The Inverse Function Theorem is a fundamental concept in differential calculus. It provides us with the conditions under which a function has an inverse that is also differentiable. This theorem is applicable when we have a function \( f \) that is continuously differentiable. For such a function, if the derivative \( f'(a) \) is not zero at a point \( a \), then the function is locally invertible around \( f(a) \). This means there exists an inverse function \( g \) near \( f(a) \), and that inverse is also differentiable.
The theorem further tells us how to compute the derivative of the inverse function. Specifically, if \( y = f(x) \) and \( x = g(y) \), the derivative of the inverse function \( g'(y) \) is given by:
\[ g'(y) = \frac{1}{f'(g(y))} \]
This relationship was used in the step-by-step solution when we differentiated implicitly to find \( g'(x) \). This establishes the core relationship between a function and its inverse, allowing us to solve problems involving inverse functions with confidence.

The Fundamental Theorem of Calculus bridges differentiation and integration, showing that they are essentially inverse operations. This theorem has two main parts:

• The first part relates the integral of a function to its antiderivative: For a continuous function \( f \) over an interval \([a, b]\), the function \( F \), defined by \( F(x) = \int_{a}^{x} f(t) \, dt \), is an antiderivative of \( f \).
• The second part states that if \( F \) is an antiderivative of \( f \) on an interval, then: \[ f(x) = F'(x) \]

In the context of our problem, when we calculated \( f(x) = \int_{0}^{x} (1+t^3)^{-1/2} dt \), we applied the second part of this theorem. By differentiating the integral, we immediately found \( f'(x) \), which was needed to determine the derivative properties of its inverse \( g \).
This theorem is crucial, as it seamlessly connects integral calculus with differential calculus, allowing us to switch between the two as needed.

The Chain Rule is an essential tool in differential calculus, allowing us to differentiate composite functions. Suppose we have two functions, \( u(x) \) and \( v(x) \).
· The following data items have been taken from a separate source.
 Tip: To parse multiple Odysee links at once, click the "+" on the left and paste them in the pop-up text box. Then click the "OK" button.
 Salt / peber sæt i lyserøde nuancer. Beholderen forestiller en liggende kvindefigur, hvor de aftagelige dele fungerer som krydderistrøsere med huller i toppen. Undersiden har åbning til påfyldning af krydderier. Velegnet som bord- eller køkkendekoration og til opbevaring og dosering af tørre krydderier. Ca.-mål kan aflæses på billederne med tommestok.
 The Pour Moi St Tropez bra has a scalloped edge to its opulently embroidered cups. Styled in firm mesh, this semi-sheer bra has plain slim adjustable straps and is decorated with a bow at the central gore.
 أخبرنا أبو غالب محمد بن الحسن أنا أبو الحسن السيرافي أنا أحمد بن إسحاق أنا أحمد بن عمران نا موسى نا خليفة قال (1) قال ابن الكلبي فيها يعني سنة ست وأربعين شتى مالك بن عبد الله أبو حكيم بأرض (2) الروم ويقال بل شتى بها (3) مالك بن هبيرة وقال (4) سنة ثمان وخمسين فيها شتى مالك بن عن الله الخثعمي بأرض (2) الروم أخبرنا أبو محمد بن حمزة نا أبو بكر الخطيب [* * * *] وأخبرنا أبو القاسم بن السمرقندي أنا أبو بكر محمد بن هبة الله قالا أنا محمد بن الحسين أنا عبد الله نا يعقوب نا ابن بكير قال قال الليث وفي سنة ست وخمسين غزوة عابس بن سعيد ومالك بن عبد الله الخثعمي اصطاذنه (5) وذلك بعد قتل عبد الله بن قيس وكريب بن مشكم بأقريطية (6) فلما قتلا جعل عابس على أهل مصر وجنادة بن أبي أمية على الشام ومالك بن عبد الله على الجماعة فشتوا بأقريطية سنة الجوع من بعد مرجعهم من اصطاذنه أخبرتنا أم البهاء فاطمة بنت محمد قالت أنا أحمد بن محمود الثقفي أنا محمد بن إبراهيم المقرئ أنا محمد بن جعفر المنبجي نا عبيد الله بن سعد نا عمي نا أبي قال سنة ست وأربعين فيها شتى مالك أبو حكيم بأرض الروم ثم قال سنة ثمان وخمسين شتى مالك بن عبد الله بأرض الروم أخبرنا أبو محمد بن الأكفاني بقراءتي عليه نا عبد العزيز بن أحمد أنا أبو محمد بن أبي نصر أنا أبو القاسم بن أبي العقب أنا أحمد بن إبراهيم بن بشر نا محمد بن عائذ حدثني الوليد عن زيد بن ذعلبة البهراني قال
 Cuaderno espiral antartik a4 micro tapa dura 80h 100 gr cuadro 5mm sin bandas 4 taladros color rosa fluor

If \( y = u(v(x)) \), the Chain Rule helps find \( \frac{dy}{dx} \) as follows:

• First, compute the derivative of \( u \) with respect to \( v \), \( \frac{du}{dv} \).
• Then, compute the derivative of \( v \) with respect to \( x \), \( \frac{dv}{dx} \).
• The derivative of the composite function is then: \[ \frac{dy}{dx} = \frac{du}{dv} \cdot \frac{dv}{dx} \]
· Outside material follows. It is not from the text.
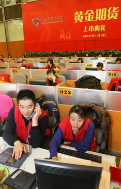 A photo taken on January 9, 2008 shows traders work at the Shanghai Futures Exchange in Shanghai. [Xinhua]

In our solution process, we used the Chain Rule when differentiating \( g'(x) \). The function \( g(x) \) was nested inside the expression \((1+g(x)^3)^{1/2}\). So, its derivative, \( g''(x) \), was calculated using:
\[ g''(x) = \frac{1}{2}(1+g(x)^3)^{-1/2} \, \cdot \, 3g(x)^2 \, \cdot \, g'(x) \].
Here, the Chain Rule allowed us to correctly handle the nested function, enabling us to solve for \( \frac{g''}{g^2} \) and reach the final solution efficiently.